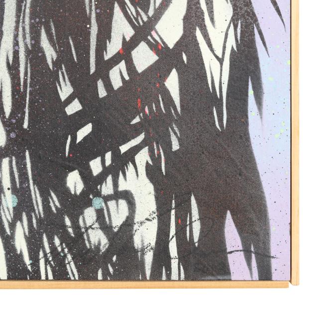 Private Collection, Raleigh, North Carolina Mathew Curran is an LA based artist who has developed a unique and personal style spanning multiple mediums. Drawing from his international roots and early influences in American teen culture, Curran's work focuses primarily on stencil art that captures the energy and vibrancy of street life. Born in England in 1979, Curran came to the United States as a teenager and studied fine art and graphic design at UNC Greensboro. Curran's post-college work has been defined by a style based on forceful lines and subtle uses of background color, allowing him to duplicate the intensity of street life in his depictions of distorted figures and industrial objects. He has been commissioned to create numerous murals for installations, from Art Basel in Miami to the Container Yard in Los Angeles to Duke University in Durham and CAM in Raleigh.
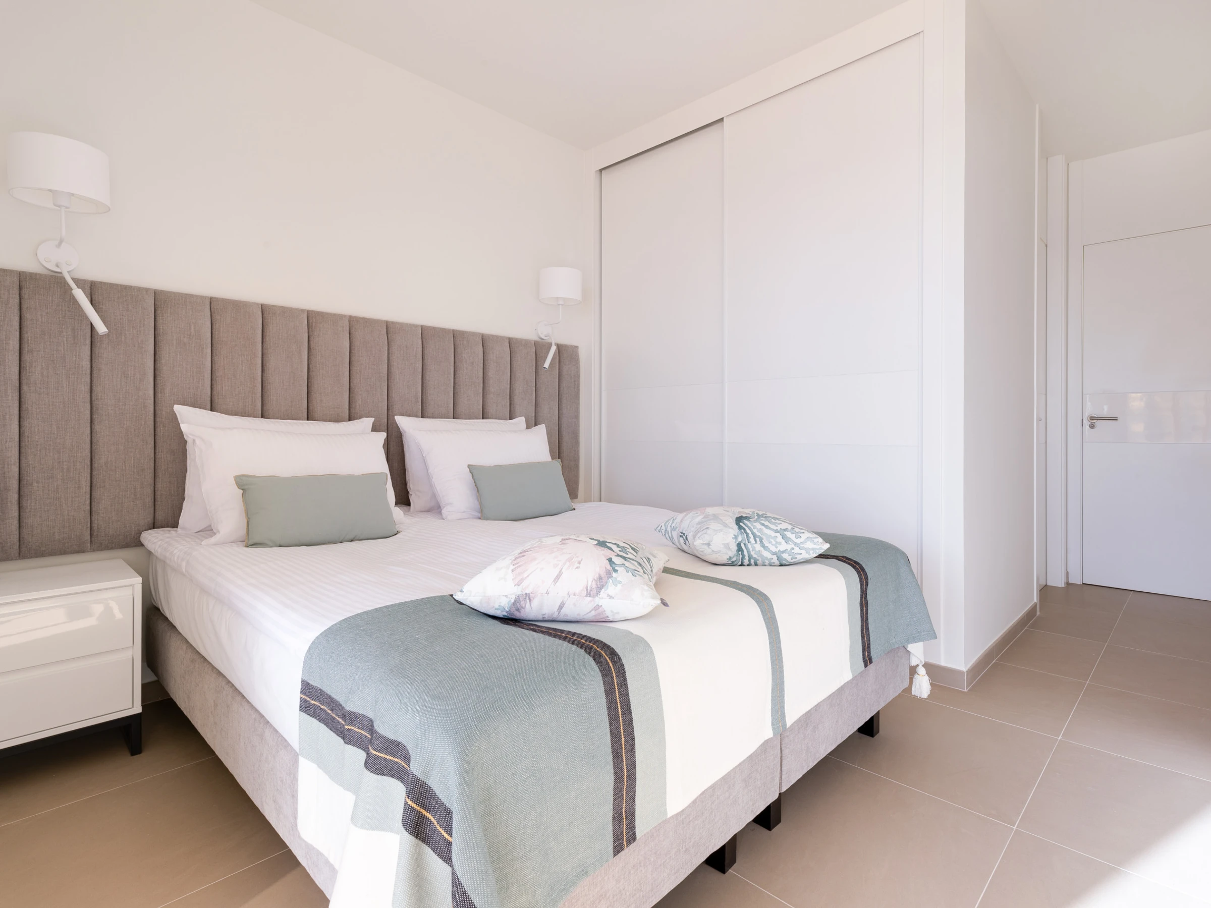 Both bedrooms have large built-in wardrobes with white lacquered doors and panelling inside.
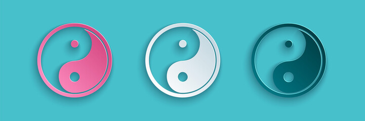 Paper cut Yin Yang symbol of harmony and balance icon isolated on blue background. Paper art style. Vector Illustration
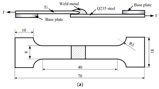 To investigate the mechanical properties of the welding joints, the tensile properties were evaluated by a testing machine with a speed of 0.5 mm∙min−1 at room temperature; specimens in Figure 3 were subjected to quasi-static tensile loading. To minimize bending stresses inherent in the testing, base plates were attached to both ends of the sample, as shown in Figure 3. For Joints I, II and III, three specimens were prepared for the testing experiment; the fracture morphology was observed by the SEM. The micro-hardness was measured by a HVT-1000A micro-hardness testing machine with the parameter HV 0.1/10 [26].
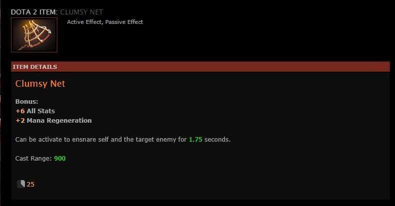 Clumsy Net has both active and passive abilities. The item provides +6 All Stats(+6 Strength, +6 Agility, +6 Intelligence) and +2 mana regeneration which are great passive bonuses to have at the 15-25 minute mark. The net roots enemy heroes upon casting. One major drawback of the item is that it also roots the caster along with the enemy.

--

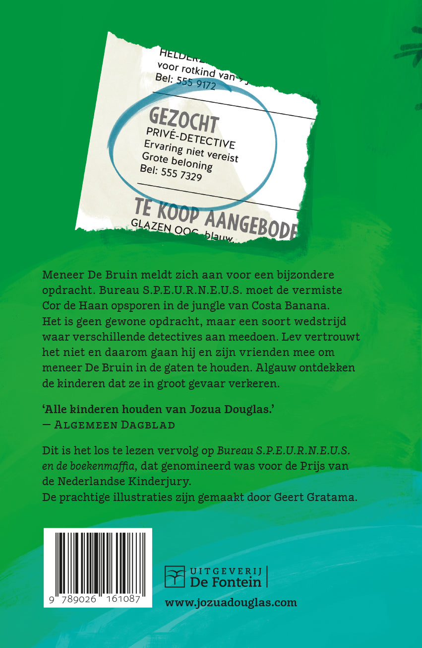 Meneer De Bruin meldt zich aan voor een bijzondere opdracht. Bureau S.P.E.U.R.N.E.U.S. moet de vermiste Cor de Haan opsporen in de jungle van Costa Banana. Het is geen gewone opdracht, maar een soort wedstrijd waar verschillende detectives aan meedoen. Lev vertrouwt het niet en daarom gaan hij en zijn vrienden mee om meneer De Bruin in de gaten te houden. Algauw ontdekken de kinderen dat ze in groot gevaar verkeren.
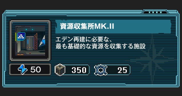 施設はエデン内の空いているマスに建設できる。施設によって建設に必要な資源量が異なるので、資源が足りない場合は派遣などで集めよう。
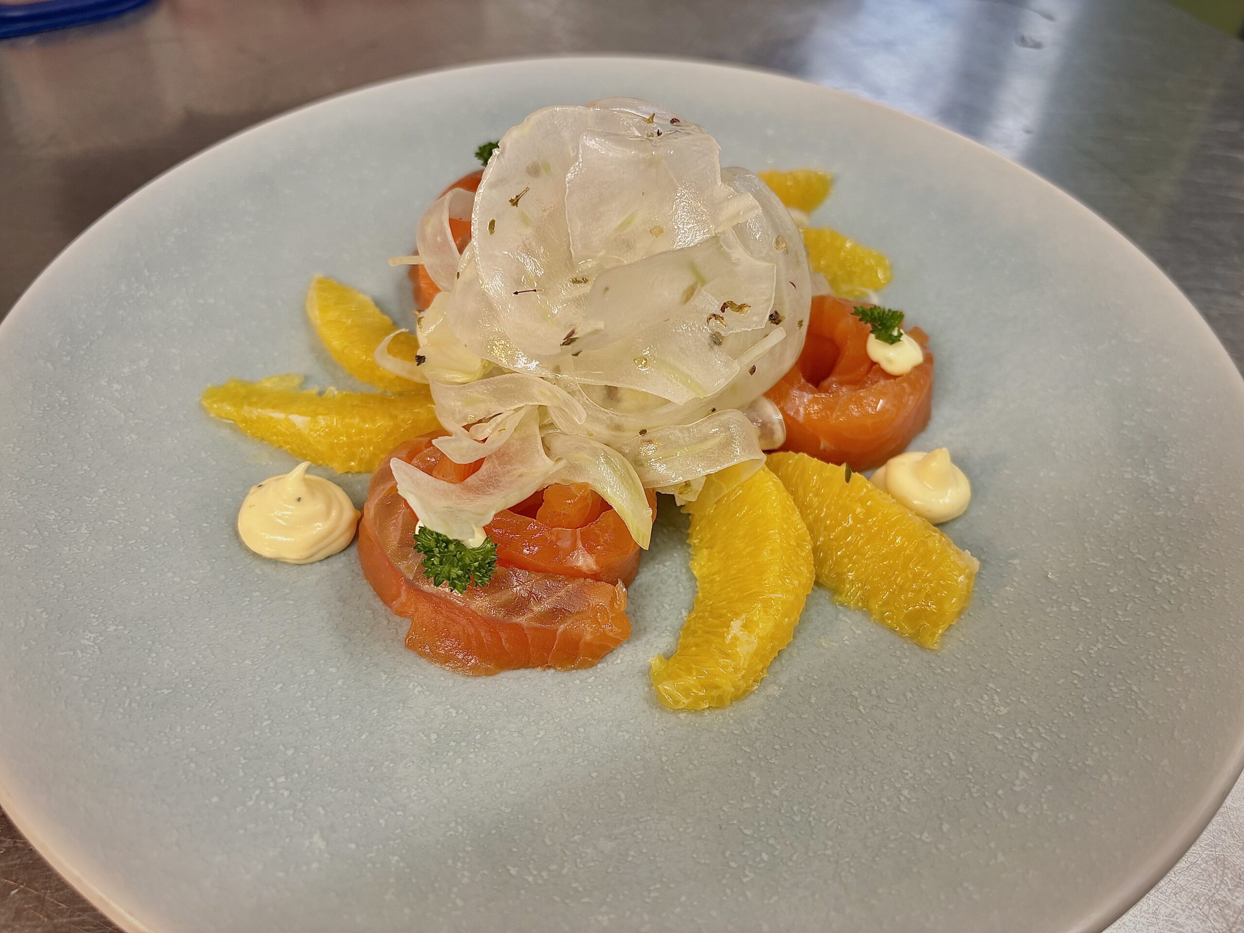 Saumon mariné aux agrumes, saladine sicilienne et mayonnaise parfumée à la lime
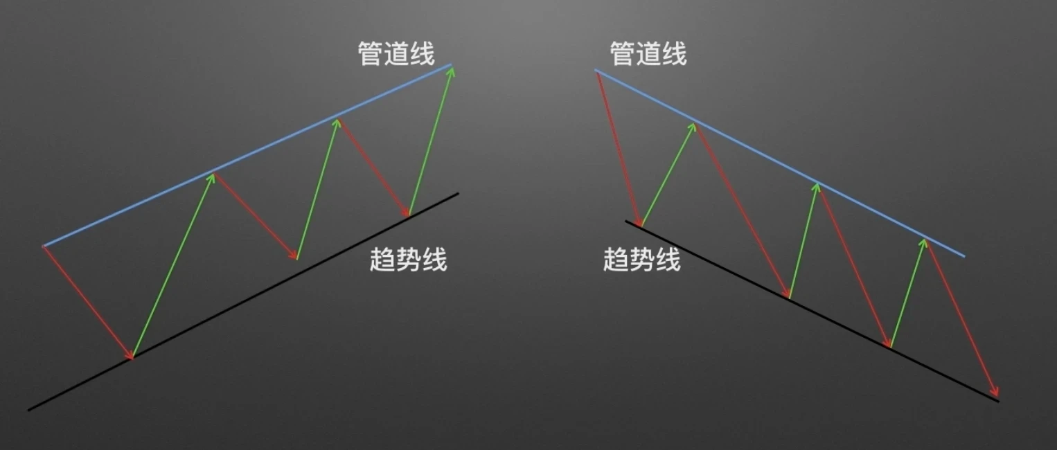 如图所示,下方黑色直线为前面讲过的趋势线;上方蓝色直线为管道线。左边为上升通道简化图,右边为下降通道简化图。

= WORK ORDER =
Print, exactly and with no pictures, the lines of the listing above starting at the one that has "Meneer De Bruin meldt" and ending at the one that has "如图所示,下方黑色直线为前面", both included.

= SOLUTION TO THE EXERCISE =
 Meneer De Bruin meldt zich aan voor een bijzondere opdracht. Bureau S.P.E.U.R.N.E.U.S. moet de vermiste Cor de Haan opsporen in de jungle van Costa Banana. Het is geen gewone opdracht, maar een soort wedstrijd waar verschillende detectives aan meedoen. Lev vertrouwt het niet en daarom gaan hij en zijn vrienden mee om meneer De Bruin in de gaten te houden. Algauw ontdekken de kinderen dat ze in groot gevaar verkeren.
 施設はエデン内の空いているマスに建設できる。施設によって建設に必要な資源量が異なるので、資源が足りない場合は派遣などで集めよう。
 Saumon mariné aux agrumes, saladine sicilienne et mayonnaise parfumée à la lime
 如图所示,下方黑色直线为前面讲过的趋势线;上方蓝色直线为管道线。左边为上升通道简化图,右边为下降通道简化图。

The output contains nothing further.